| Problem |
Please retype every entry as written, and keep the pictures out.

| Extracted data |
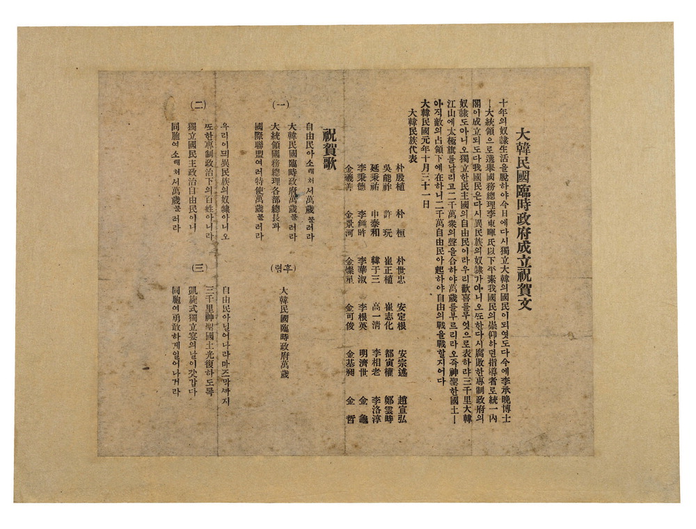 대한민국 임시정부 성립 축하문.
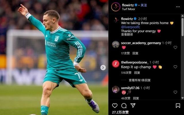 客胜伯恩利,维尔茨社媒:我们带着三分回家,感谢你们带来的能量
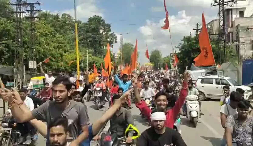 विहिप और बजरंग दल की शौर्य जागरण यात्रा का अलवर पहुंचने पर हुआ स्वागत, कंपनी बाग में हुई सभा
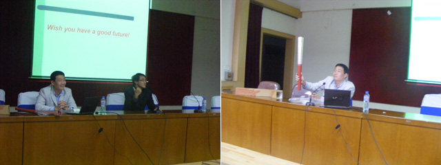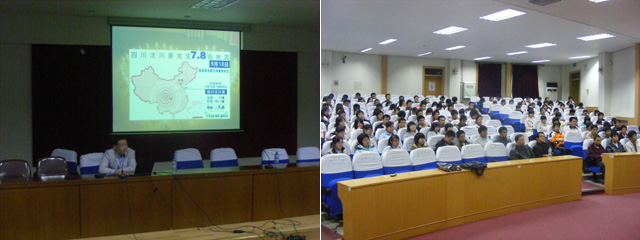 报告会的会场气氛浓重,同学们的掌声持久而热烈。张济主任以其在灾区半个多月的亲身经历,饱含深情地向大家讲述了抗震救灾的亲身经历和真切感受,深深感染了在座的广大师生;作为北京奥运会火炬手,张济主任还带来奥运火炬,给了同学们零距离接触火炬的机会。同学们兴奋不已,纷纷与火炬合影留念。报告会结束后,张主任还与一位家在四川的同学进行了亲切地交谈。
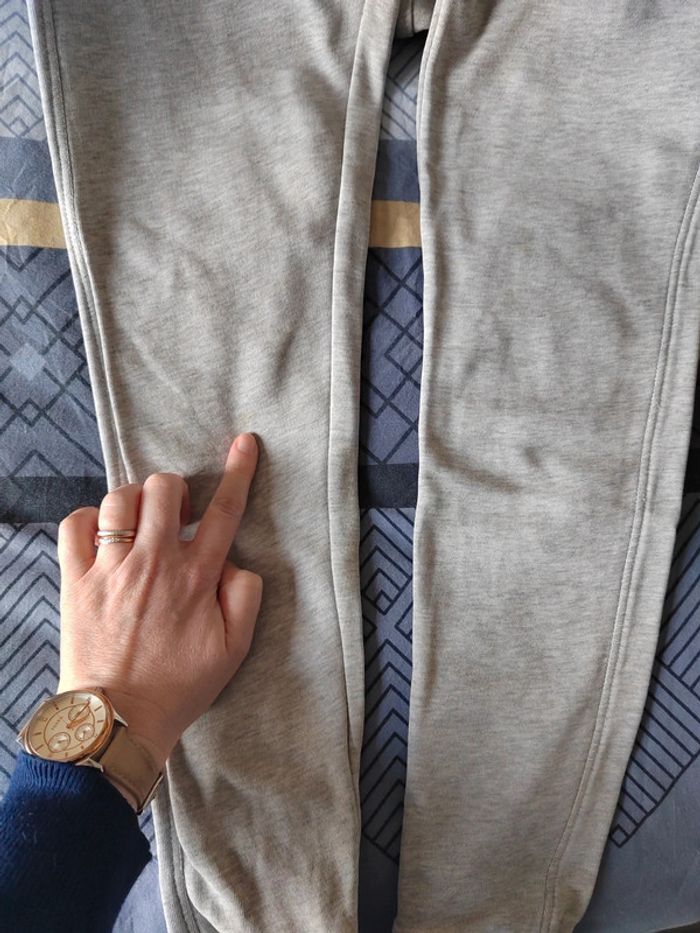 Le haut est en 10 ans Le bas est en 9 ans Petite micro tâche jaune sur le genou droit et au niveau des poignets mais je n'ai pas de produit détachant. Voir photos c'est quasi invisible mais le prix tient compte de ça
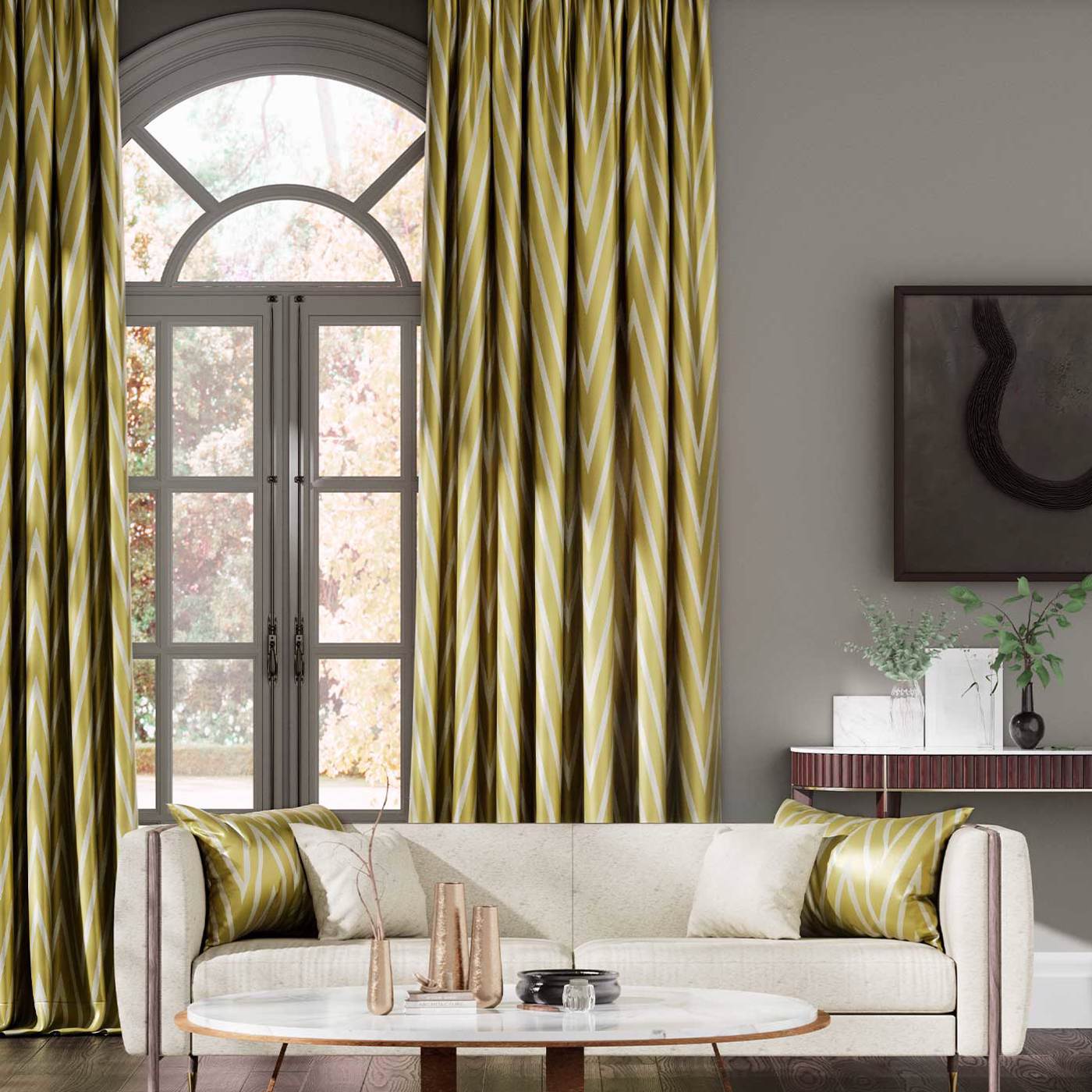 Tekstúrovaná látka s veľkým horizontálnym šípkovým vzorom na falešnom hodvábe. Ideálne pre moderné záclony.
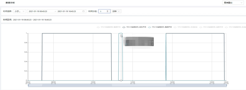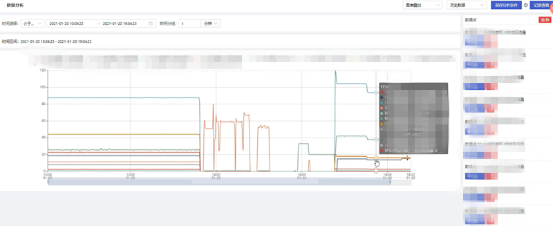 根據(jù)用戶的需要,對一段時間內(nèi)的歷史數(shù)據(jù)或?qū)崟r數(shù)據(jù)按照一定的統(tǒng)計頻率進行多個維度的數(shù)據(jù)分析,統(tǒng)計頻率包含不限、10秒、30秒、10分鐘、30分鐘、1小時,通過添加變量操作,在彈出的變量選擇彈窗中可多選數(shù)據(jù)點信息進行分析;數(shù)據(jù)分析得到的圖表顯示形式包括折線圖以及表格形式。多個數(shù)據(jù)點信息圖表的展示形式包括平鋪、疊加、標簽顯示以及合并表格顯示,根據(jù)不同的需求選擇對應(yīng)的展示形式,靈活性高。數(shù)據(jù)分析幫助用戶分析用戶想要分析的內(nèi)容,如數(shù)據(jù)走向,問題等,可以將分析的邏輯進行保存并可以按部門和人員進行公開,從而幫助用戶解決問題。(可參考圖1.1)
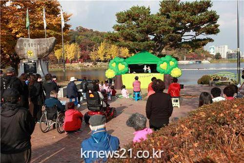 ▲ [사진제공 = 이천시]‘2021년 경기도 성평등기금사업’이 지원하고 이천가정・성상담소가 주관하는 거리 인형극(‘버스킹! 성평등을 보다’)을 2021년 11월 1일~2일 양일간 이천시 관내 설봉공원에서 진행되었다.
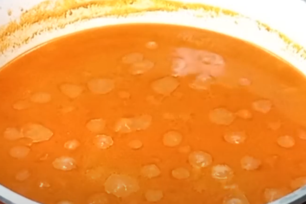 در یک قابلمه بزرگ، مقدار مناسبی روغن بریزید و پیازهای خلال‌ یا خورد‌شده را طلایی کنید. سپس گوجه‌فرنگی رنده‌شده را به آن اضافه کرده و تفت دهید تا آب آن گرفته شود. در پایان، رب گوجه‌فرنگی را اضافه کرده و چند دقیقه با مواد سرخ کنید تا طعم خامی رب گرفته شود.
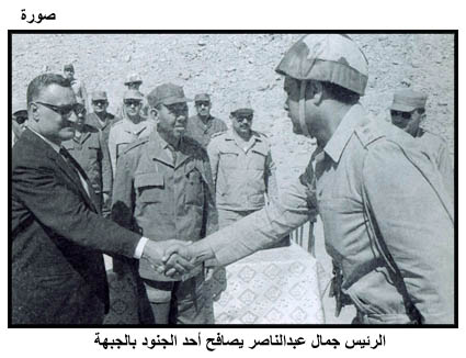 الرئيس جمال عبدالناصر يصافح أحد الجنود بالجبهة
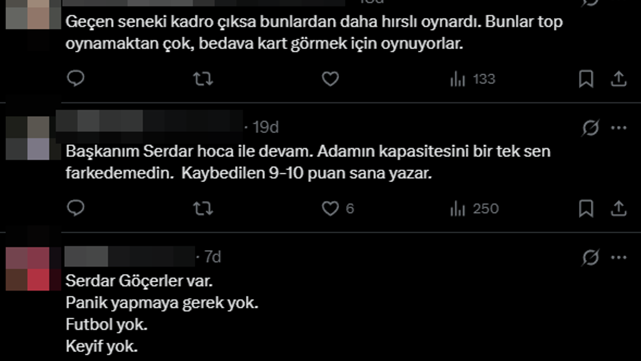 Taraftarlar, özellikle son haftalardaki oyun anlayışının yetersizliğine ve takımın hücum hattındaki etkisizliğine dikkat çekti. Sosyal medyada yapılan yüzlerce paylaşım arasında, yönetime ve Başkan Ulaş Entok’a yönelik tepkiler öne çıktı.
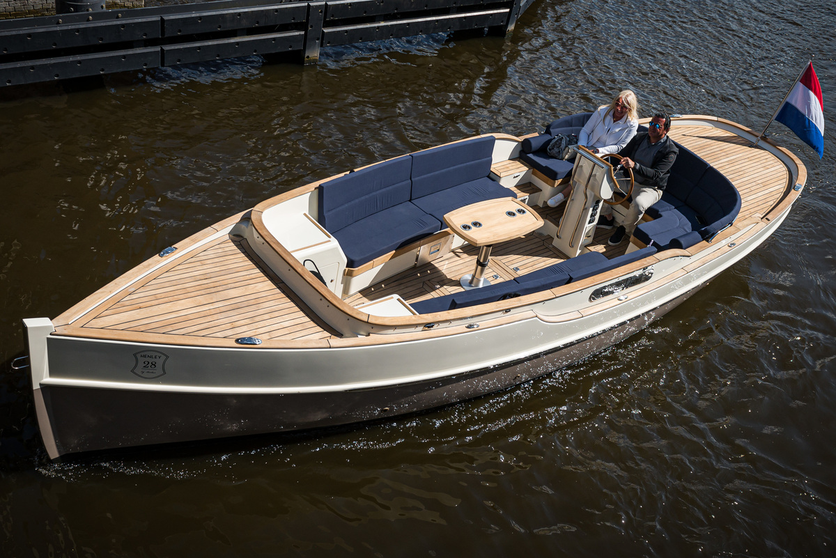 De Henley28 is speciaal ontworpen voor electrisch varen. Het ongekend efficiente onderwaterschip van de Henley28 zorgt ervoor dat zij bij 8 km/h slechts 1400 Watt verbruikt. En alles wat je niet verbruikt, hoef je ook niet aan accus mee te slepen en aan te schaffen.
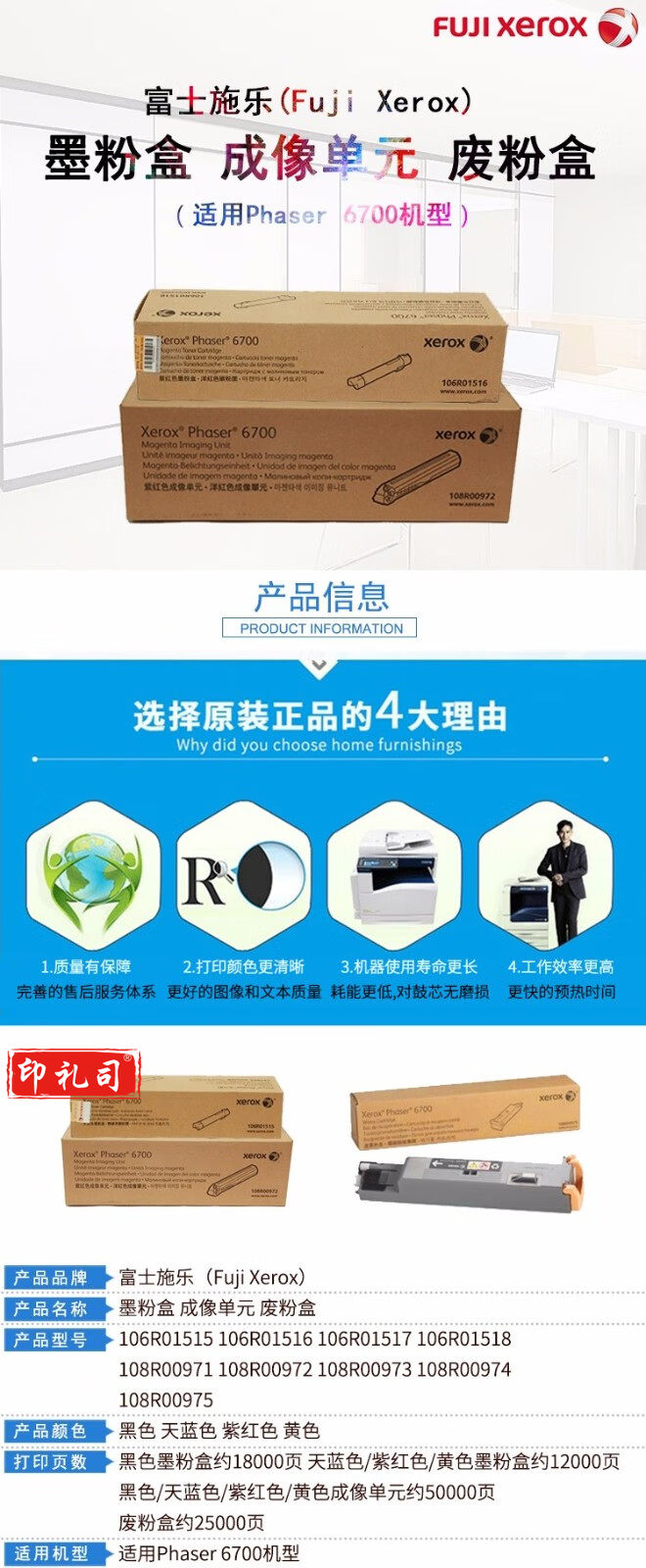富士施乐108R00971 原装天蓝色成像单元 (适用Phaser 6700机型) 约50000页
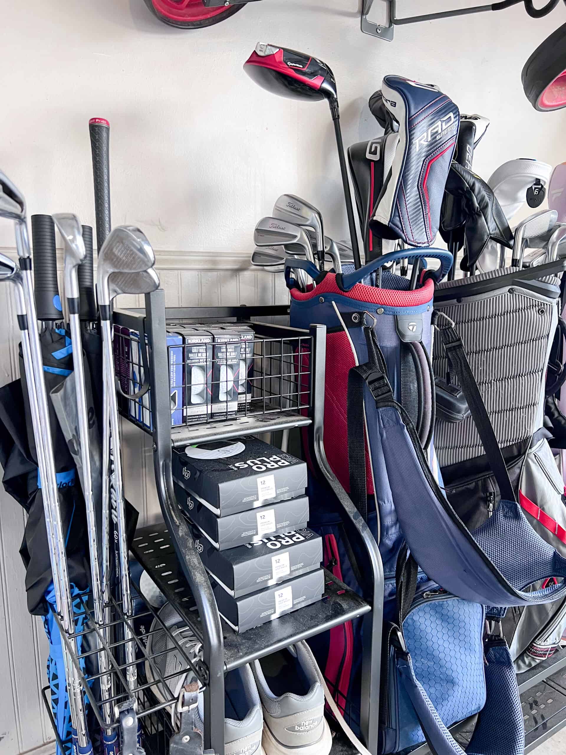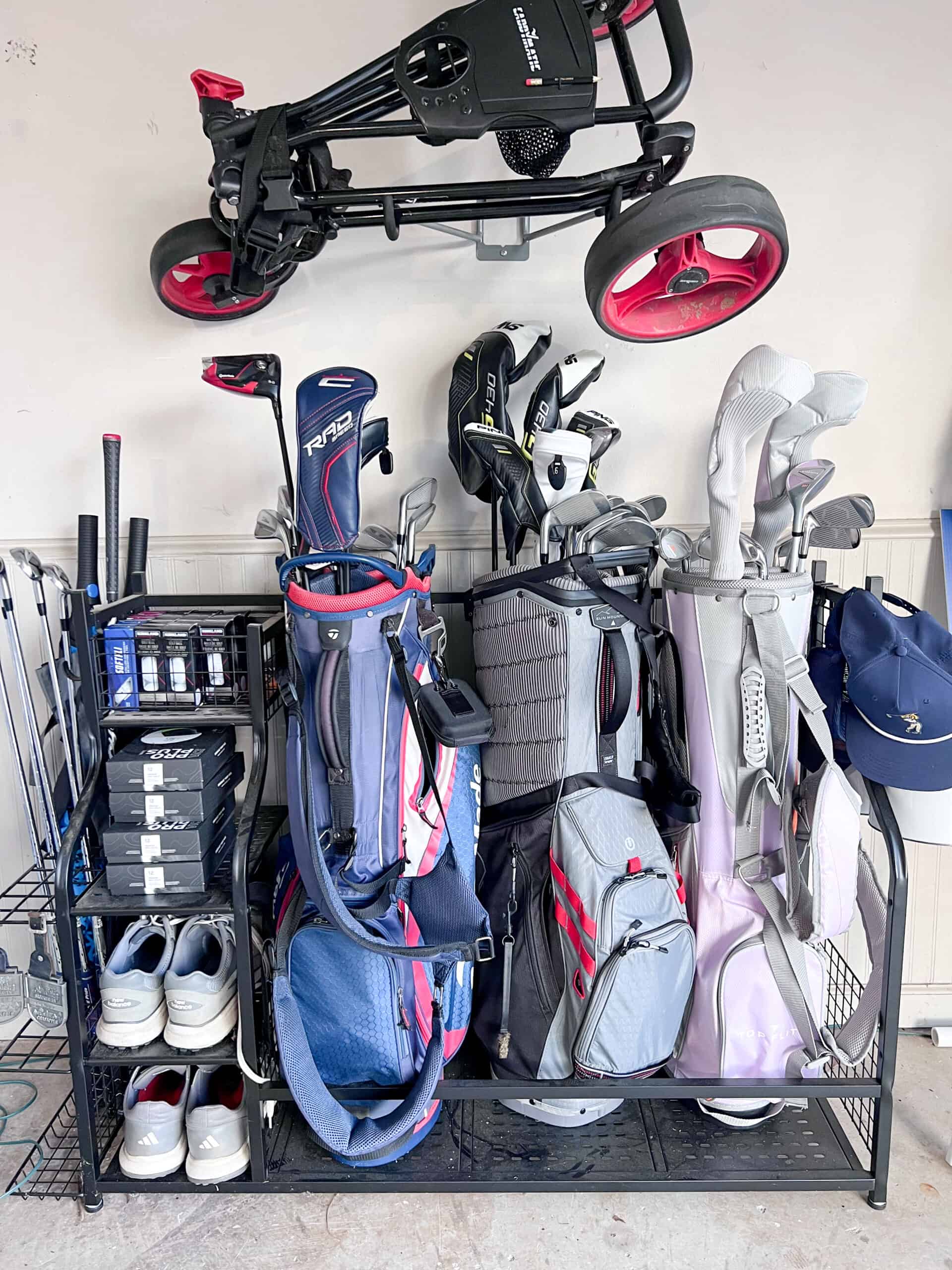 Over a year ago, we added this Golf Garage Organizer, and I can confidently say it has been one of the most practical, actually-used additions we’ve made. With two boys and a husband who all play, golf gear had a way of ending up everywhere. Bags leaning, shoes scattered, clubs tucked into corners. It worked… until it didn’t.
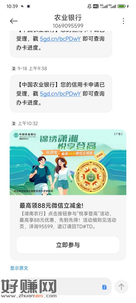 【湖南农行】戳go.abchina.com/k/Vn7 参与“悦享登高”活动,最高享88元优惠,先到先得!活动细则见活动页谨慎受骗,详询95599。退订请回TD#TD
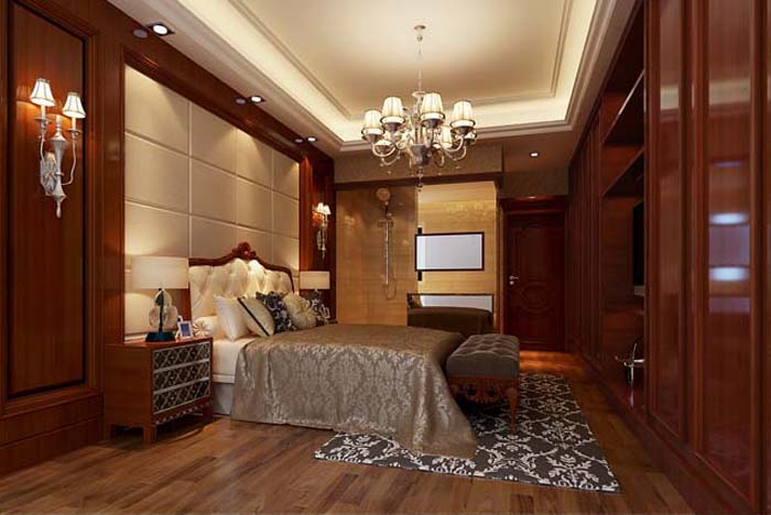 此房为儿子孝顺父母安享惬意房。父母较为传统,儿子节假日会来一起居住,希望不要装得太沉闷。综合两者意见,我采用沉稳的深棕色为基装主色调,部分墙面采用雅致色调的墙纸及艺术涂料跳脱沉闷感。
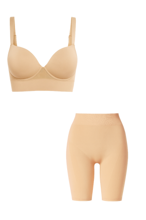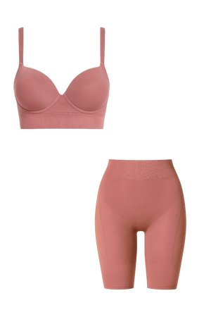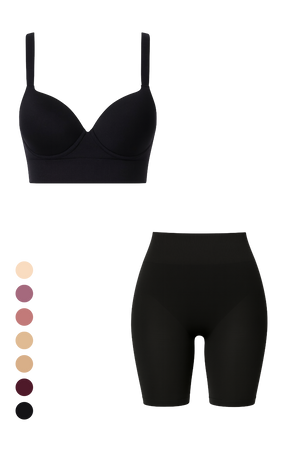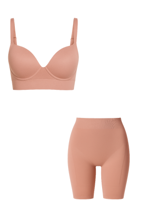 كلا القطعتين مصنوعتان من قماش نفس البشرة، بخاصية التهوية، الجفاف السريع، والملمس الفائق النعومة – ليمنحك قاعدة مثالية لأي إطلالة.

| Answer below |
 대한민국 임시정부 성립 축하문.
 客胜伯恩利,维尔茨社媒:我们带着三分回家,感谢你们带来的能量
 विहिप और बजरंग दल की शौर्य जागरण यात्रा का अलवर पहुंचने पर हुआ स्वागत, कंपनी बाग में हुई सभा
 报告会的会场气氛浓重,同学们的掌声持久而热烈。张济主任以其在灾区半个多月的亲身经历,饱含深情地向大家讲述了抗震救灾的亲身经历和真切感受,深深感染了在座的广大师生;作为北京奥运会火炬手,张济主任还带来奥运火炬,给了同学们零距离接触火炬的机会。同学们兴奋不已,纷纷与火炬合影留念。报告会结束后,张主任还与一位家在四川的同学进行了亲切地交谈。
 Le haut est en 10 ans Le bas est en 9 ans Petite micro tâche jaune sur le genou droit et au niveau des poignets mais je n'ai pas de produit détachant. Voir photos c'est quasi invisible mais le prix tient compte de ça
 Tekstúrovaná látka s veľkým horizontálnym šípkovým vzorom na falešnom hodvábe. Ideálne pre moderné záclony.
 根據(jù)用戶的需要,對一段時間內(nèi)的歷史數(shù)據(jù)或?qū)崟r數(shù)據(jù)按照一定的統(tǒng)計頻率進行多個維度的數(shù)據(jù)分析,統(tǒng)計頻率包含不限、10秒、30秒、10分鐘、30分鐘、1小時,通過添加變量操作,在彈出的變量選擇彈窗中可多選數(shù)據(jù)點信息進行分析;數(shù)據(jù)分析得到的圖表顯示形式包括折線圖以及表格形式。多個數(shù)據(jù)點信息圖表的展示形式包括平鋪、疊加、標簽顯示以及合并表格顯示,根據(jù)不同的需求選擇對應(yīng)的展示形式,靈活性高。數(shù)據(jù)分析幫助用戶分析用戶想要分析的內(nèi)容,如數(shù)據(jù)走向,問題等,可以將分析的邏輯進行保存并可以按部門和人員進行公開,從而幫助用戶解決問題。(可參考圖1.1)
 ▲ [사진제공 = 이천시]‘2021년 경기도 성평등기금사업’이 지원하고 이천가정・성상담소가 주관하는 거리 인형극(‘버스킹! 성평등을 보다’)을 2021년 11월 1일~2일 양일간 이천시 관내 설봉공원에서 진행되었다.
 در یک قابلمه بزرگ، مقدار مناسبی روغن بریزید و پیازهای خلال‌ یا خورد‌شده را طلایی کنید. سپس گوجه‌فرنگی رنده‌شده را به آن اضافه کرده و تفت دهید تا آب آن گرفته شود. در پایان، رب گوجه‌فرنگی را اضافه کرده و چند دقیقه با مواد سرخ کنید تا طعم خامی رب گرفته شود.
 الرئيس جمال عبدالناصر يصافح أحد الجنود بالجبهة
 Taraftarlar, özellikle son haftalardaki oyun anlayışının yetersizliğine ve takımın hücum hattındaki etkisizliğine dikkat çekti. Sosyal medyada yapılan yüzlerce paylaşım arasında, yönetime ve Başkan Ulaş Entok’a yönelik tepkiler öne çıktı.
 De Henley28 is speciaal ontworpen voor electrisch varen. Het ongekend efficiente onderwaterschip van de Henley28 zorgt ervoor dat zij bij 8 km/h slechts 1400 Watt verbruikt. En alles wat je niet verbruikt, hoef je ook niet aan accus mee te slepen en aan te schaffen.
富士施乐108R00971 原装天蓝色成像单元 (适用Phaser 6700机型) 约50000页
 Over a year ago, we added this Golf Garage Organizer, and I can confidently say it has been one of the most practical, actually-used additions we’ve made. With two boys and a husband who all play, golf gear had a way of ending up everywhere. Bags leaning, shoes scattered, clubs tucked into corners. It worked… until it didn’t.
 【湖南农行】戳go.abchina.com/k/Vn7 参与“悦享登高”活动,最高享88元优惠,先到先得!活动细则见活动页谨慎受骗,详询95599。退订请回TD#TD
 此房为儿子孝顺父母安享惬意房。父母较为传统,儿子节假日会来一起居住,希望不要装得太沉闷。综合两者意见,我采用沉稳的深棕色为基装主色调,部分墙面采用雅致色调的墙纸及艺术涂料跳脱沉闷感。
 كلا القطعتين مصنوعتان من قماش نفس البشرة، بخاصية التهوية، الجفاف السريع، والملمس الفائق النعومة – ليمنحك قاعدة مثالية لأي إطلالة.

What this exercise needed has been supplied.